Redundancy law has moved on considerably since the last economic
downturn and you will expose your business to expensive claims of
unfair dismissal and discrimination if you do not follow current
law and practice.
The compulsory dispute resolution regulations generally apply to
all dismissals including redundancies, except where the rules on
collective redundancies apply. If you do not follow the
minimum 3 step dismissal procedure the redundancy will therefore be
automatically unfair, where an employee has the requisite service,
and compensation can be increased by up to 50 per cent.

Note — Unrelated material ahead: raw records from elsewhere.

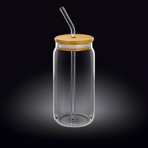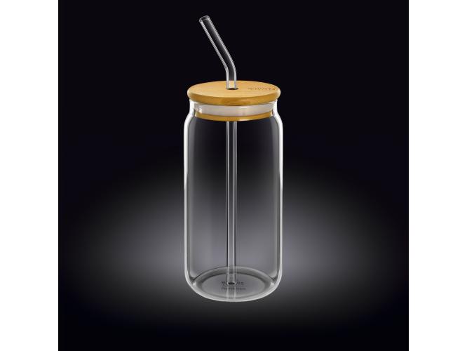 Банка для коктейля 500 мл. d=65 мм. h=160 мм с дерев. крышкой, с трубочкой Термостекло Wilmax /1/48/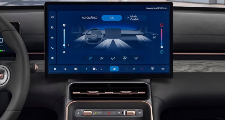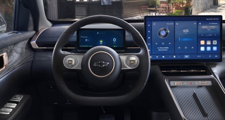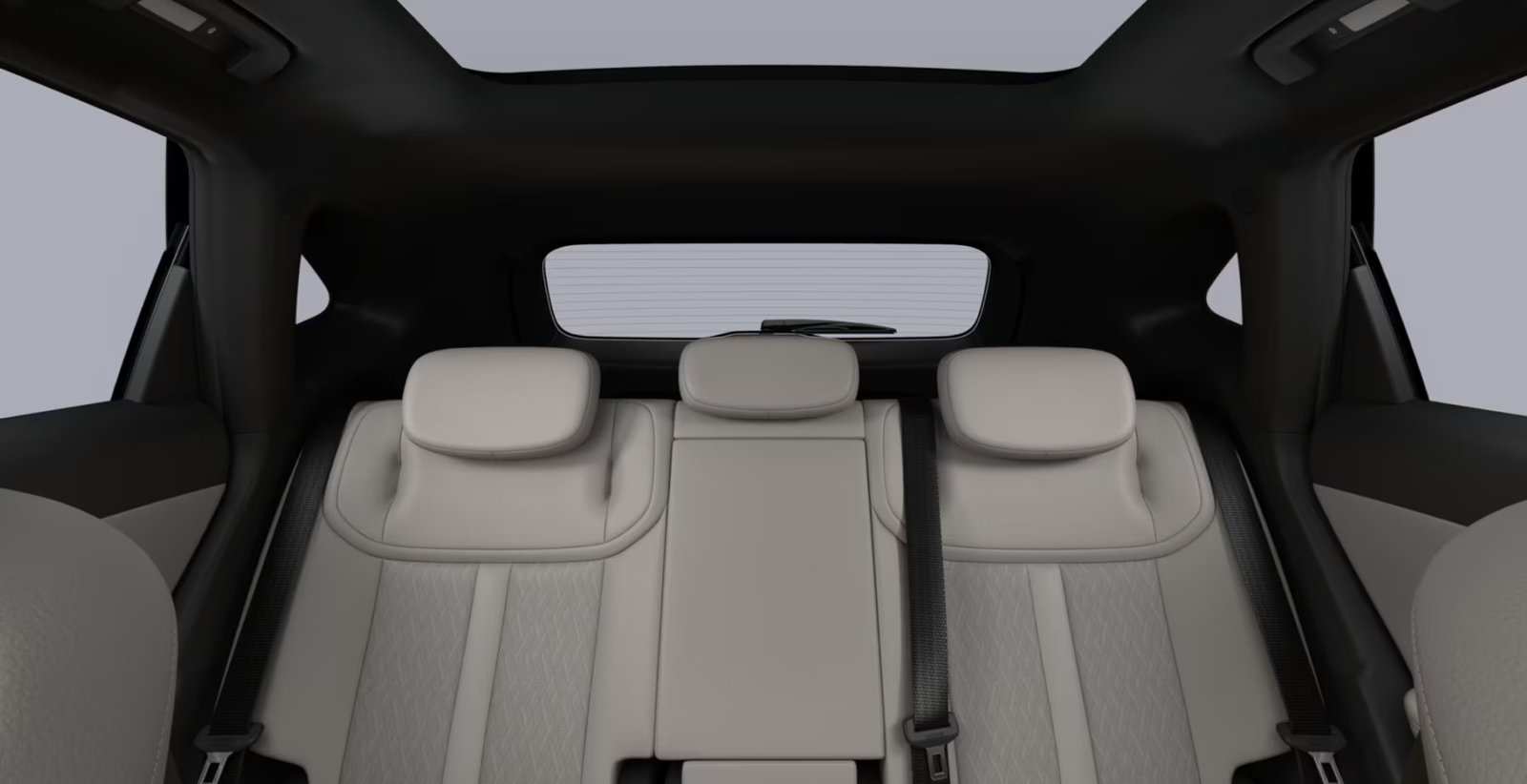 O Captiva EV está disponível com interiores Jet Black e Sandy Soul, na cor Cinza Diamantina. Já nas cores Branco, Azul e Dourado, o acabamento interno é Jet Black, elegante e acolhedor, que valoriza cada detalhe do espaço interno.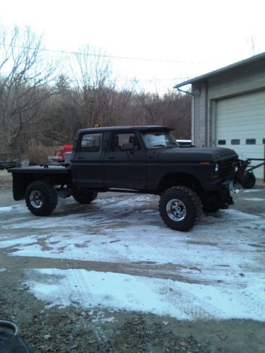 Hello, I have a 1978 Crew Cab flatbed. 351m, C-6 trans, B+M floor shifter, Trans cooler, 6inch skyjacker springs front and back, borgeson steering shaft, fenderwell headers with simple exhaust, Has w/shield visor. The truck runs and drives very well. The truck comes with a 7 1/2 ft western plow that works fine. The truck is 100% reliable, I have plowed with it for years. The truck is very rusty, but has some good years left on it. I have a fresh 351M motor that comes with truck. The rims and tires that are in the pics do not come with truck. Truck presently sits on 33in swampers with aluminum rims.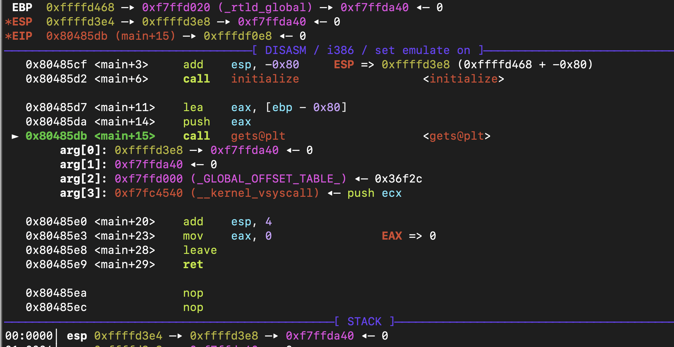 사용자 입력을 받는 gets 함수에 bp를 걸고 프로그램을 실행시켜 보면 위와 같은 결과를 통해 스택 프레임 구조를 파악할 수 있다.

In brief the compulsory dismissal procedure requires:
Step 1 - The employer to write to the employee stating the
grounds for their proposed redundancy and to invite them to attend
a meeting to discuss the situation before a final decision is
taken.
Step 2 - Meeting.
Step 3 - Appeal.
Whenever a redundancy is proposed meaningful consultation must
take place, and should be capable of being shown to have taken
place, in order to avoid a negative outcome at the Employment
Tribunals. Two or more meetings will normally be required to
allow for meaningful consultation. The meetings should also
be used to explore the possibility of alternative employment which
is another crucial element that is required to achieve a fair
redundancy.
Employees have the right to make a reasonable request to be
accompanied by another employee or a trade union official of their
choice at the meetings. Companions do not have the right to
answer questions put to the employee but can otherwise take an
active role during a meeting. Compensation can be awarded
where the right is infringed.
In addition to complying with the compulsory dispute resolution
procedures an employer must be able to show that it acted
reasonably in all the circumstances (including its size and
administrative resources). Fair and objective criterion and a
consistent approach are key factors. A paper trail that
confirms what an employer did is normally crucial to defending a
claim.
Where an employee is selected as being potentially redundant,
subject to consultation, after the employer has applied its
objective criterion to the pool of staff that were at risk,
difficult questions often arise about how much information should
be disclosed to the employee to explain their
selection.
Based on recent case decisions my advice in such situations
is:
- Enclose details of the individual’s own scores with the Step 1
letter
- Enclose a schedule of the other pool employees’ total scores
but on an anonymised basis with the Step 1 letter.
This is slightly more cautious than the cases suggest but should
provide you with substantial protection and has the benefit of
allowing for any scoring mistakes to be picked up during the
consultation stage rather than at the Employment Tribunals.
The legal landscape looks set to change on 6 April 2009.
The compulsory dispute resolution regulations will probably be
abolished that day and be replaced by a new Acas Code of
Practice. The draft Acas Code of Practice applies to
disciplinary and grievance procedures only and redundancy and fixed
term contracts are stated as being beyond its scope. The
extent to which Employment Tribunals apply the principles in the
current procedures to redundancies from 6 April 2009 remains to be
seen but is likely to be significant.